We have learned a lot about certain mutated genes, such as HOXB13 or BRCA2, that can predispose a man to prostate cancer. But guess what? These genes are just the tip of the iceberg.

“They are protein-coding genes,” explains scientist Shawn Lupold, Ph.D., the Catherine Iola and J. Smith Michael Distinguished Professor of Urology and Co-Director of the Sidney Kimmel Comprehensive Cancer Center Prostate Cancer Program. “They code (provide the information for) cells to make a certain protein or enzyme. And remarkably, less than 2 percent of the genome codes for proteins!”

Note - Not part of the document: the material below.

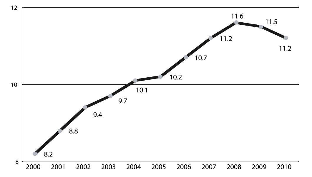 En su conjunto, la desaceleración en el flujo de migrantes mexicanos hacia los EUA, el pausado incremento en el retorno de los procedentes de ese país y el aumento de las deportaciones han llevado a una disminución de los inmigrantes mexicanos en EUA. Al respecto, se estima que el número de mexicanos radicados en el vecino país registró un crecimiento acelerado e ininterrumpido hasta abril de 2008, pasando de aproximadamente 800 mil personas en los años setenta a 10.2 millones en 2005 y 11.2 millones en 2007(Corona y Huerta, 2009); pero estimaciones recientes señalan que esa población está experimentando una disminución en su ritmo de crecimiento (Lozano, Huesca y Valdivia, 2010): entre 2008 y 2010 se redujo de 11.6 a 11.2 millones de individuos (Passel y Cohn, 2009; Passel, 2010) (Gráfico 3).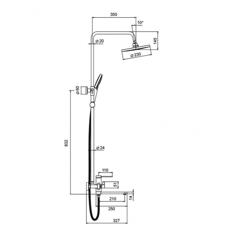 • Размер верхнего душа, см:

What about all the genes we don’t know much about? The other 98 percent? Some are “noncoding RNAs,” tiny throttles, gas pedals, or volume-control knobs. They’re “important regulatory molecules that can orchestrate when other genes are turned on or off, or turned up or down,” says Lupold. One important class is known as microRNAs, “We are still learning what they do.”

In what may be the largest study of its kind, Lupold and scientist William Isaacs, Ph.D., in collaboration with NorthShore University scientist Jenfeng Xu, Ph.D., have sequenced the microRNA-coding region (microRNAome) of 1,500 prostate cancer patients, looking for inherited alterations that are associated with an increased risk of developing lethal prostate cancer.

The results are still preliminary, but they have identified promising genetic variations in several microRNA genes. “We anticipate that these studies may identify new heritable risk factors for prostate cancer that could lead to new diagnostic or prognostic tests.”